What are the lawyers doing in Washington? Assange would say only that they had opened “a line of communication” with the Obama administration last week about WikiLeaks’ plans to release more classified information.
He also would not identify the three private criminal-defense lawyers hired by WikiLeaks to represent Manning, saying their identities would remain secret until they had been formally retained by the young soldier.
In the interview, Assange said he has been hard at work in recent days preparing the release of the Pentagon video that depicts the “carnage” of a May 2009 American airstrike on the Afghan village of Garani, where a reported 140 civilians were killed, many of them children and teenagers; it is believed to have been, in terms of civilian deaths, the most lethal U.S. airstrike in Afghanistan since the American invasion of the country in 2001.
Assange said the “immediate visual impact” of the video may not be as great as that of the video posted by WikiLeaks in April that depicted the 2007 attack in Baghdad. The graphic 2007 video captured the moment of death for many of the Iraqi victims, including two employees of the news agency Reuters who were gunned down by American forces.
Still, Assange suggested that the Afghan video would still prove to be horrifying, because a viewer will watch it in the knowledge that the “casualty figure there is much higher” than in the attack two years earlier in Baghdad.
Assange said WikiLeaks had been provided an encrypted version of the Afghan video, about an hour in length. He said it had proved difficult to decrypt the video and that, once decrypted, the site needed more time to “analyze and assess it” in anticipation of posting it online.
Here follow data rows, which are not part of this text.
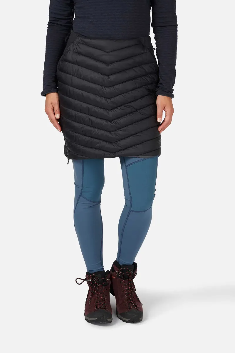 Rab Cirrus Skirt er et allsidig, pakkbart og vendbart isolert skjørt til dame. Ideell for skiturer eller fotturer under kalde forhold, for et løft av varme når du trenger det. Skjørtet har glidleås i siden og stretch i midjen for god passform og komfort.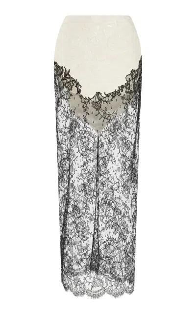 Cotton-blend Chantilly Lace And Metallic Jacquard Maxi Skirt In Ivory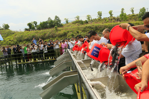 6月6日,“全國(guó)放魚(yú)日”,浙能集團(tuán)旗下北海水力發(fā)電公司將自行繁育的2萬(wàn)尾香魚(yú)苗、200尾大鯢放生于一類(lèi)水質(zhì)的千峽湖。同時(shí),當(dāng)?shù)卣矊?0萬(wàn)尾鰱魚(yú)、鳙魚(yú)等魚(yú)苗放生于千峽湖庫(kù)區(qū)。

He said that the site intended to release the video along with U.S. government documents and other materials that would put the video into context. The documents might be put online as early as next week, with the video to follow several days later, he said.
Assange said that, so far, WikiLeaks had been unable to locate the 260,000 State Department cables that Manning was reported to have turned over to the site.
A spokeswoman for the WikiLeaks said last weekend that the cables may be buried in a flood of other leaked material that is now sitting in the website’s electronic in-baskets. But Assange said he doubted it. He said the cables, if they were ever actually downloaded, apparently never reached WikiLeaks.
Philip Shenon, a former investigative reporter at The New York Times, is the author of The Commission: The Uncensored History of the 9/11 Investigation.